[Stored data]
--- START ---

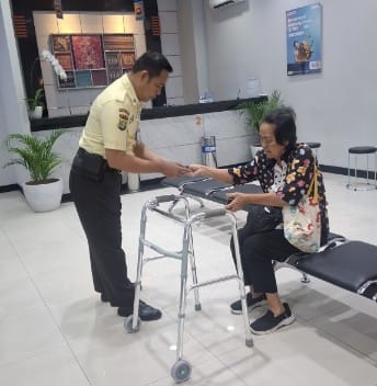 Dalam suasana layanan yang nyaman dan tertib, petugas tersebut terlihat mendampingi nasabah lansia yang menggunakan alat bantu jalan. Ia memberikan penjelasan secara perlahan dan jelas terkait proses transaksi melalui perangkat digital. Pendampingan dilakukan dengan penuh kesabaran guna memastikan setiap tahapan transaksi dapat dipahami dengan baik oleh nasabah.
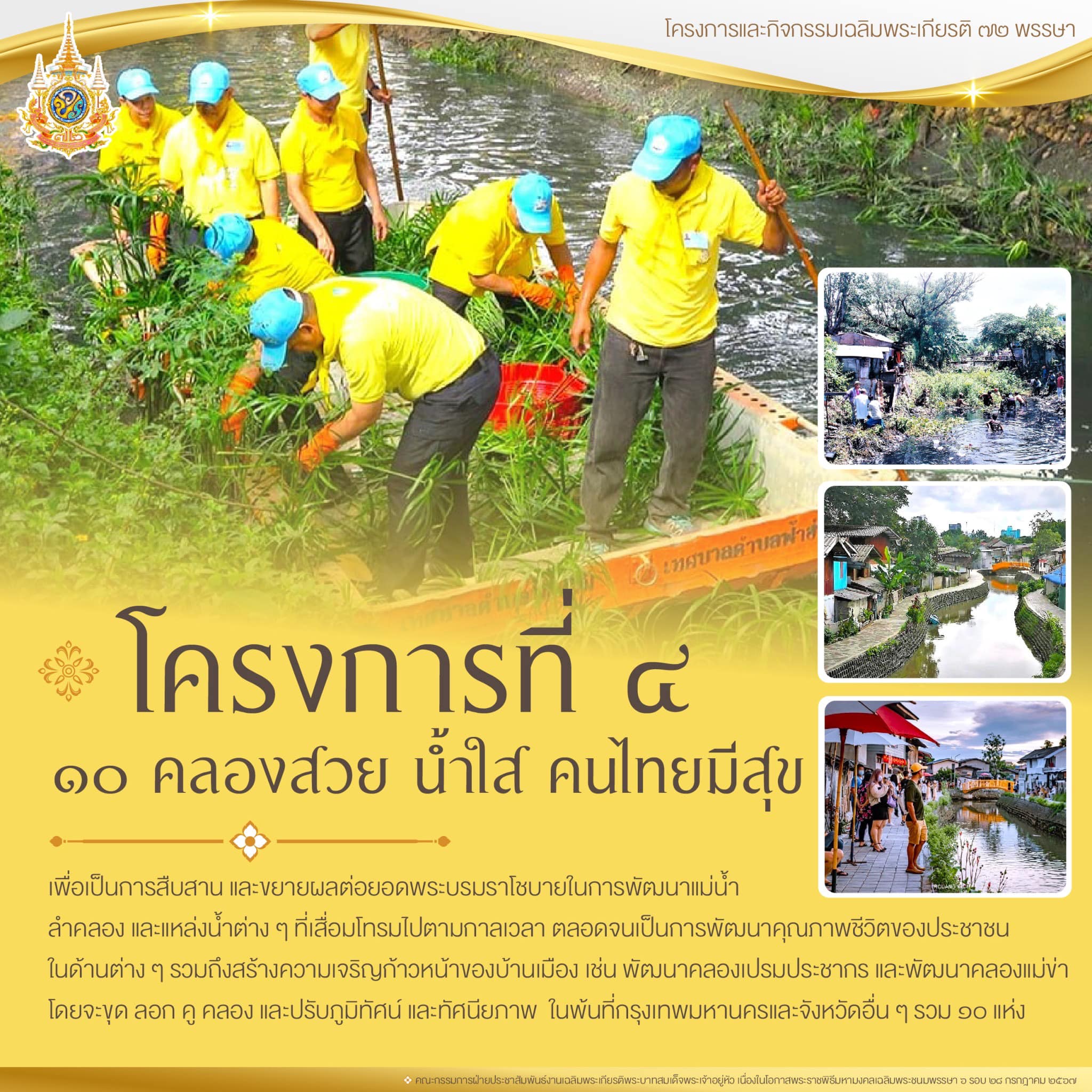 โครงการที่ 4 โครงการ “10 คลองสวย น้ำใส คนไทยมีสุข” เฉลิมพระเกียรติพระบาทสมเด็จพระเจ้าอยู่หัว เนื่องในโอกาสพระราชพิธีมหามงคลเฉลิมพระชนมพรรษา 6 รอบ 28 กรกฎาคม 2567 เพื่อเป็นการสืบสานและขยายผลต่อยอดพระบรมราโชบายในการพัฒนาแม่น้ำ ลำคลอง และแหล่งน้ำต่าง ๆ ที่เสื่อมโทรมไปตามกาลเวลา ตลอดจนเพื่อเป็นการพัฒนาคุณภาพชีวิตของประชาชนในด้านต่าง ๆ รวมถึงสร้างความเจริญก้าวหน้าของบ้านเมือง เช่น โครงการพัฒนาคลองเปรมประชากร และพัฒนาคลองแม่ข่า รัฐบาลได้มอบหมายให้กระทรวงมหาดไทยจัดทำโครงการพัฒนาแม่น้ำ คู คลองทั่วประเทศ โดยเปิดโอกาสให้ทุกภาคส่วนได้เข้ามามีส่วนร่วมในการดำเนินการตั้งแต่ขุดลอกคู คลอง ปรับภูมิทัศน์ และทัศนียภาพ รวมถึงพัฒนาคุณภาพชีวิตประชาชนตลอดสองฝั่งคลอง ได้แก่ การจัดระเบียบที่อยู่อาศัยใหม่ ความสะอาดของทางเดิน และถนน การกำจัดขยะ การพัฒนาระบบสาธารณูปโภค การเพิ่มพื้นที่สีเขียว และระบบการระบายน้ำ โดยจะดำเนินการนำร่องในพื้นที่กรุงเทพมหานคร และจังหวัดอื่น ๆ ทั่วประเทศ
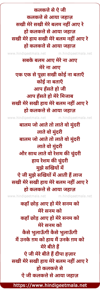 Lyrics of Kalkatte Se Aaya Jahaz - कलकत्ते से आया जहाज़
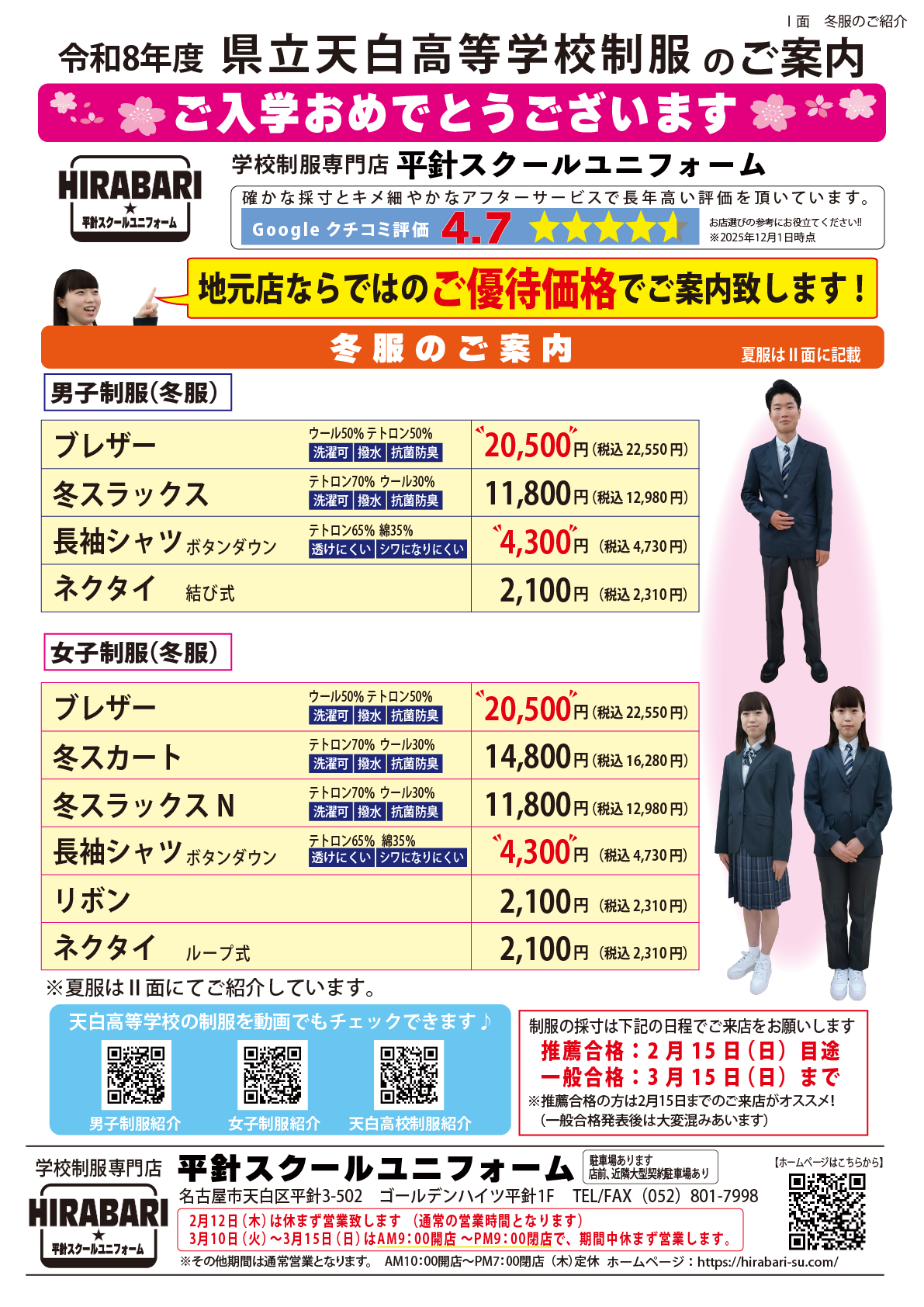 天白区平針にて「地元」制服専門店として、
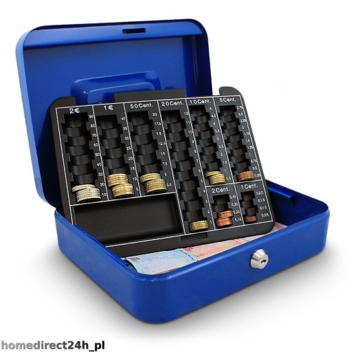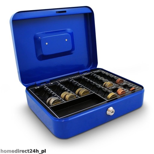 KASETKA NA PIENIĄDZE SEJF METALOWA 25CM NIEBIESKA
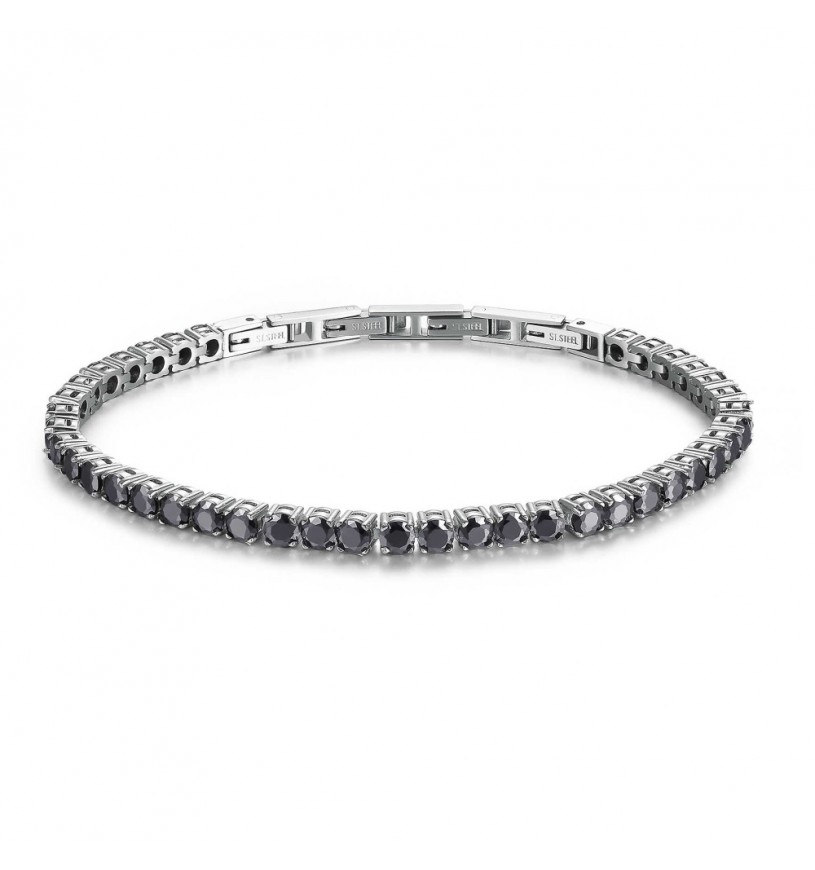Bracciale tennis in acciaio inox con luminosi cristalli neri incastonati (mod.8053851053543)

--- END ---

▸ **Exercise instructions**:
The lines to retype begin with the one containing "KASETKA NA PIENIĄDZE" and end with the last line of the records. Reproduce them exactly and omit the pictures.

▸ **Output for this task**:
 KASETKA NA PIENIĄDZE SEJF METALOWA 25CM NIEBIESKA
Bracciale tennis in acciaio inox con luminosi cristalli neri incastonati (mod.8053851053543)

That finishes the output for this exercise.